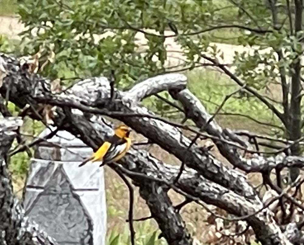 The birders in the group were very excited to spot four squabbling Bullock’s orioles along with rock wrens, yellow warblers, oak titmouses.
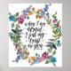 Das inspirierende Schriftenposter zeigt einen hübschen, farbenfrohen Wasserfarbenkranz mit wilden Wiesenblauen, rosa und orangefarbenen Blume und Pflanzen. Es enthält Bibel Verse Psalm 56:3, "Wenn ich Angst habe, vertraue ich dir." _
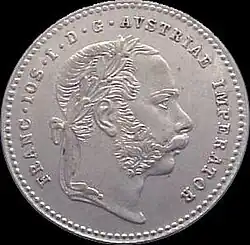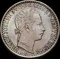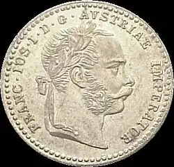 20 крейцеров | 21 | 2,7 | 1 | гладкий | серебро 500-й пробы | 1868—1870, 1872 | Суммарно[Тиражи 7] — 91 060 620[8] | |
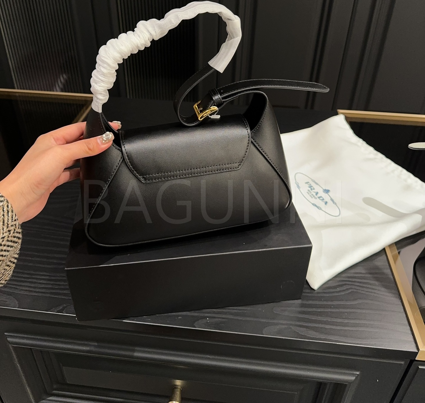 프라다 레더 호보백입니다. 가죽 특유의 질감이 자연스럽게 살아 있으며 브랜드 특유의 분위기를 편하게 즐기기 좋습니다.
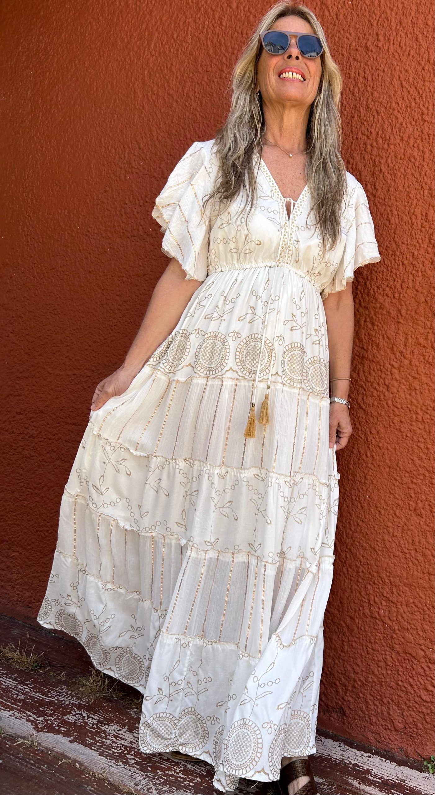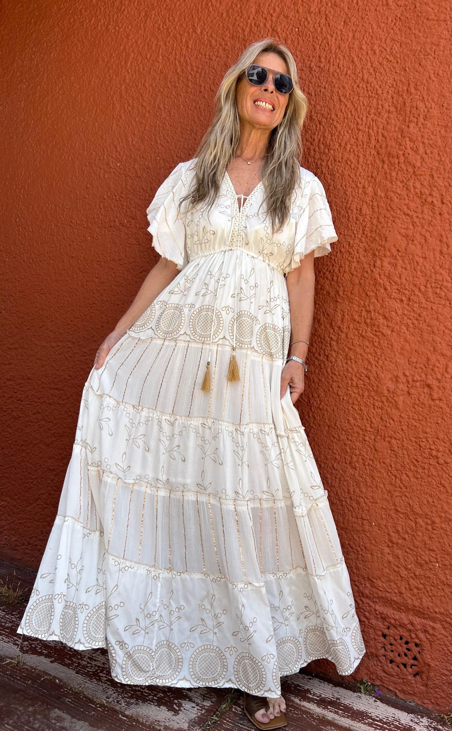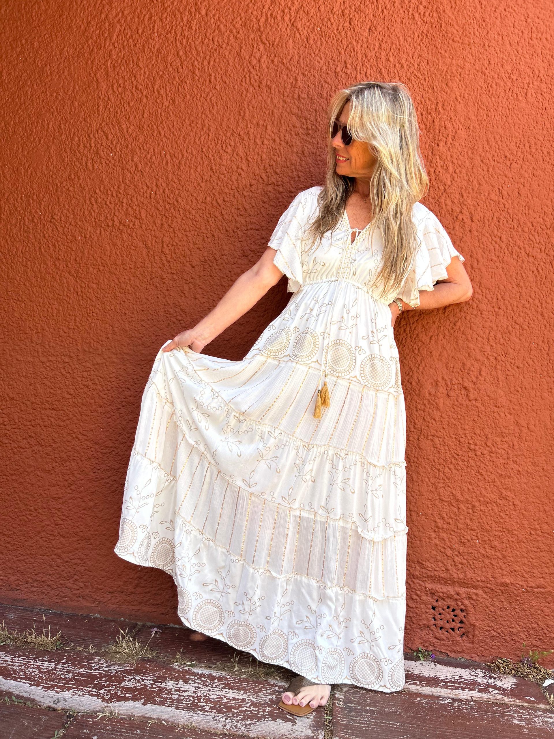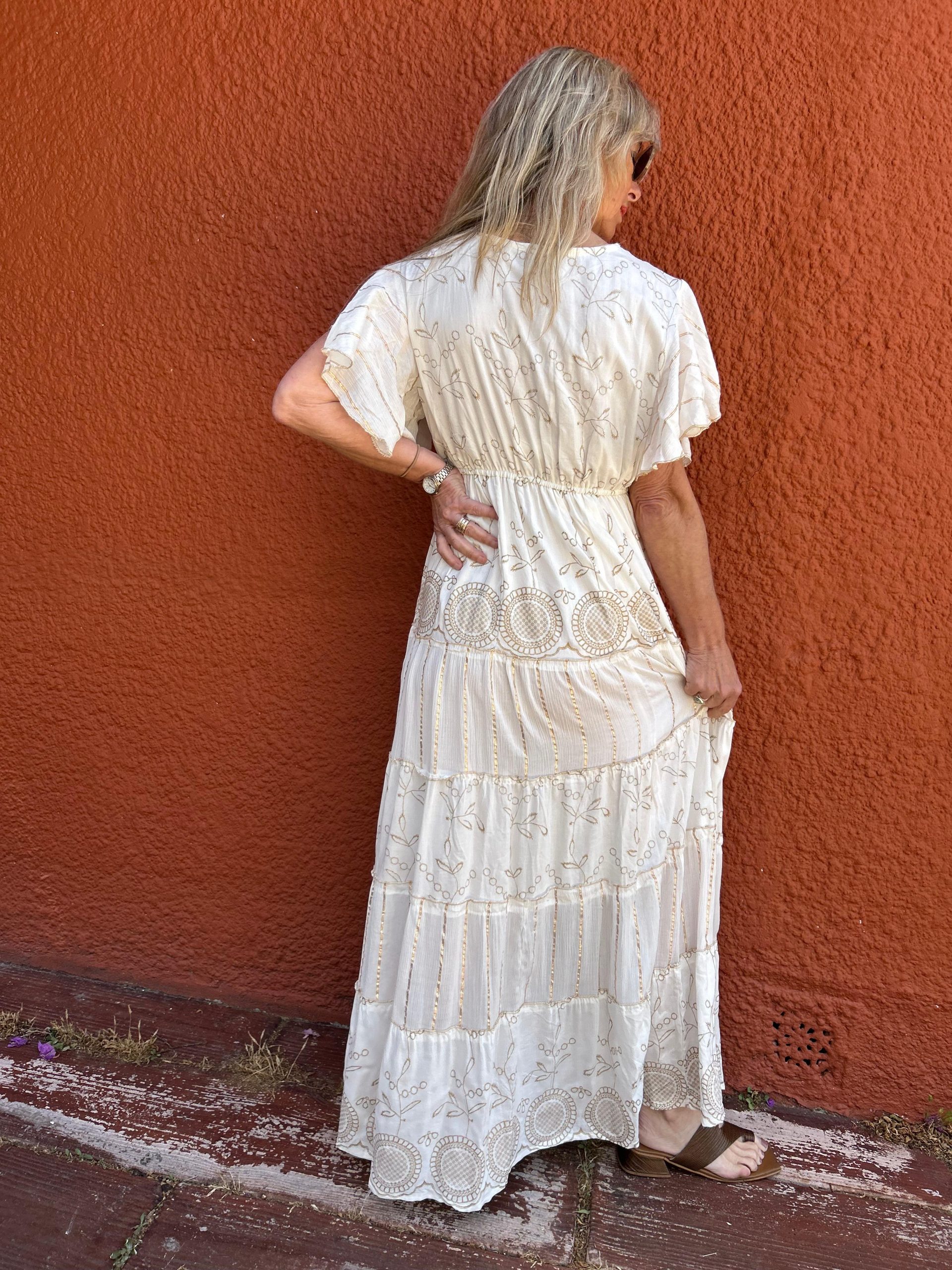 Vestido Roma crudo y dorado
* * * * *
TRY IT
Copy the line showing "Das inspirierende Schriftenposter" exactly, along with each line after it through the end of the material above. Pictures stay out.

SOLUTION TO THIS TASK
 Das inspirierende Schriftenposter zeigt einen hübschen, farbenfrohen Wasserfarbenkranz mit wilden Wiesenblauen, rosa und orangefarbenen Blume und Pflanzen. Es enthält Bibel Verse Psalm 56:3, "Wenn ich Angst habe, vertraue ich dir." _
 20 крейцеров | 21 | 2,7 | 1 | гладкий | серебро 500-й пробы | 1868—1870, 1872 | Суммарно[Тиражи 7] — 91 060 620[8] | |
 프라다 레더 호보백입니다. 가죽 특유의 질감이 자연스럽게 살아 있으며 브랜드 특유의 분위기를 편하게 즐기기 좋습니다.
 Vestido Roma crudo y dorado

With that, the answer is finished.